# Exercise data:
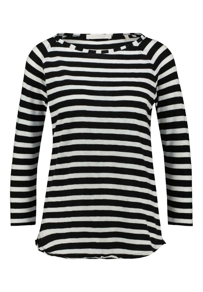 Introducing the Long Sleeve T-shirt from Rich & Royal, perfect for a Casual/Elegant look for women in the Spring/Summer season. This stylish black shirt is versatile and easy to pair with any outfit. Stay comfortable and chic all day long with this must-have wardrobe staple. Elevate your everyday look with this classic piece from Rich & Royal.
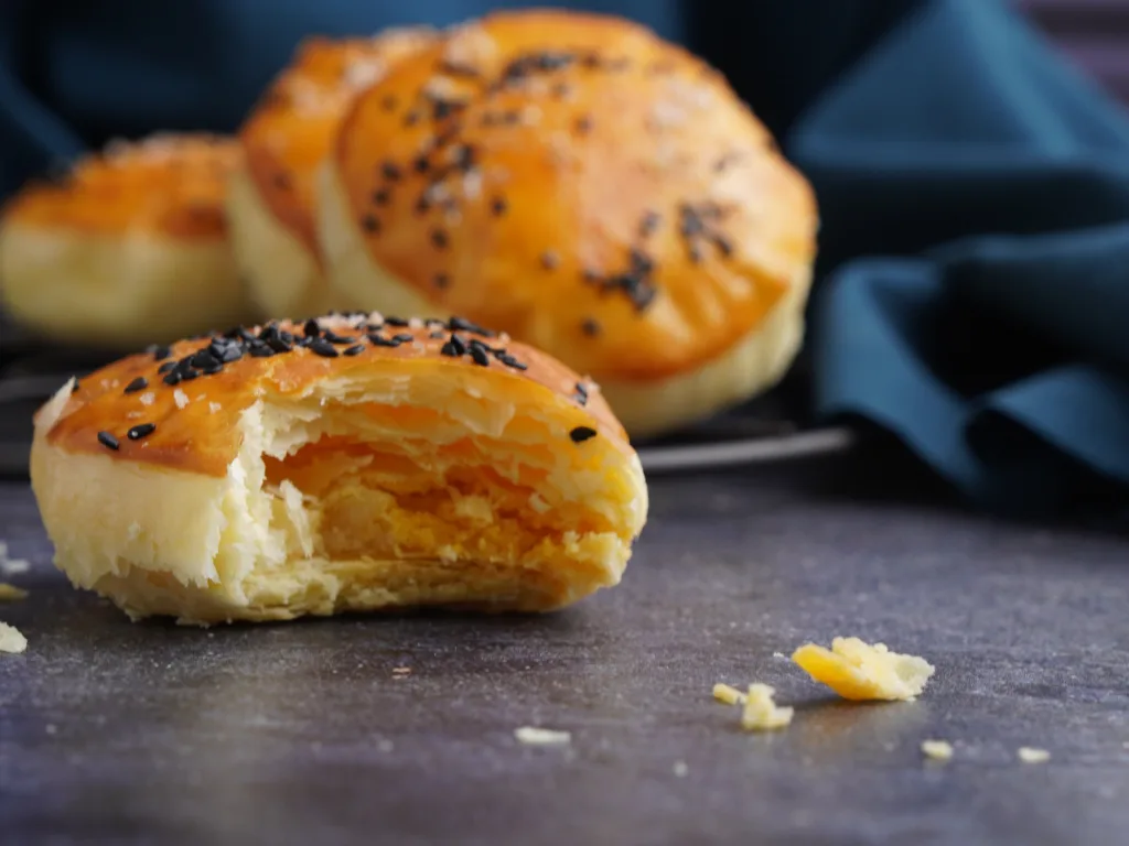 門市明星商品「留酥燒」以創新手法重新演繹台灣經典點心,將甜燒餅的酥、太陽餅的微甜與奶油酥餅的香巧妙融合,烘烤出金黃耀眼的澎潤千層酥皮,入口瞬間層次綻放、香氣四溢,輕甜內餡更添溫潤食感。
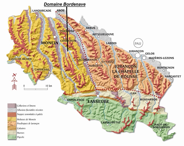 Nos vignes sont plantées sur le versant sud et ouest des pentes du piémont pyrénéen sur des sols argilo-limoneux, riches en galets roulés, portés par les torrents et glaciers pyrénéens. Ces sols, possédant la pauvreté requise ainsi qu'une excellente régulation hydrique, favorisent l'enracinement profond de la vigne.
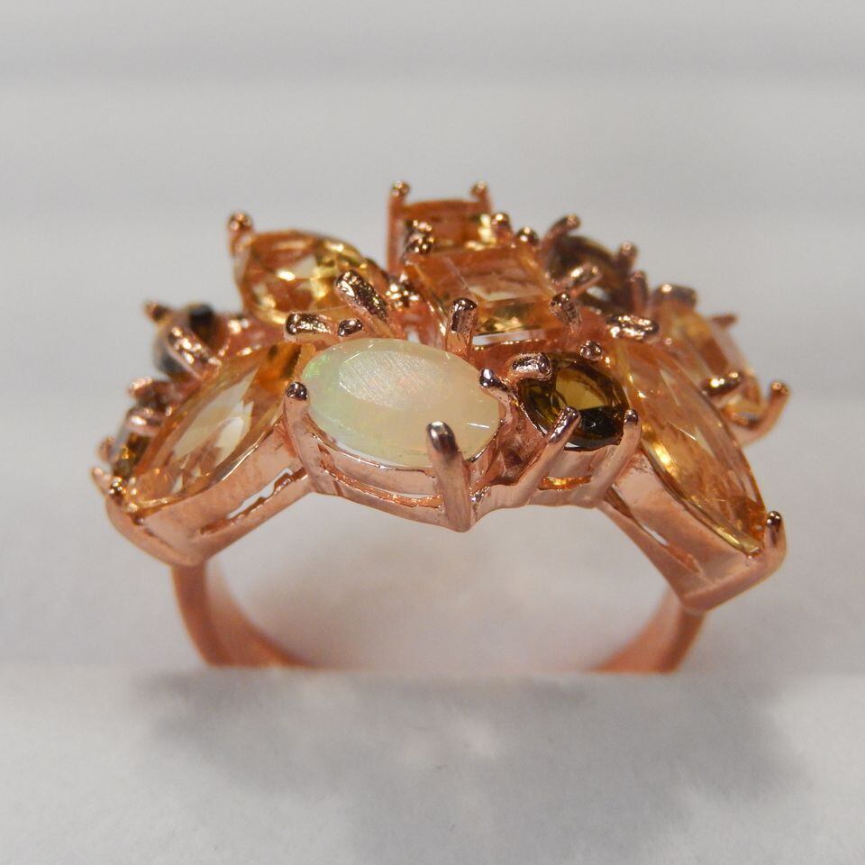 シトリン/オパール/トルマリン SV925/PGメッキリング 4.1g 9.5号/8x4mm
* * *
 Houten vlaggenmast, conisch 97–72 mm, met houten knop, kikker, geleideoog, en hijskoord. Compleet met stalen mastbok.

# Task item:
Both the line containing "門市明星商品「留酥燒」以創新" and the line containing "シトリン/オパール/トルマリン SV925/PGメッキリング 4.1g" above belong in the output, as do the lines between them. Print them exactly, without pictures.

# Answer to this problem:
 門市明星商品「留酥燒」以創新手法重新演繹台灣經典點心,將甜燒餅的酥、太陽餅的微甜與奶油酥餅的香巧妙融合,烘烤出金黃耀眼的澎潤千層酥皮,入口瞬間層次綻放、香氣四溢,輕甜內餡更添溫潤食感。
 Nos vignes sont plantées sur le versant sud et ouest des pentes du piémont pyrénéen sur des sols argilo-limoneux, riches en galets roulés, portés par les torrents et glaciers pyrénéens. Ces sols, possédant la pauvreté requise ainsi qu'une excellente régulation hydrique, favorisent l'enracinement profond de la vigne.
 シトリン/オパール/トルマリン SV925/PGメッキリング 4.1g 9.5号/8x4mm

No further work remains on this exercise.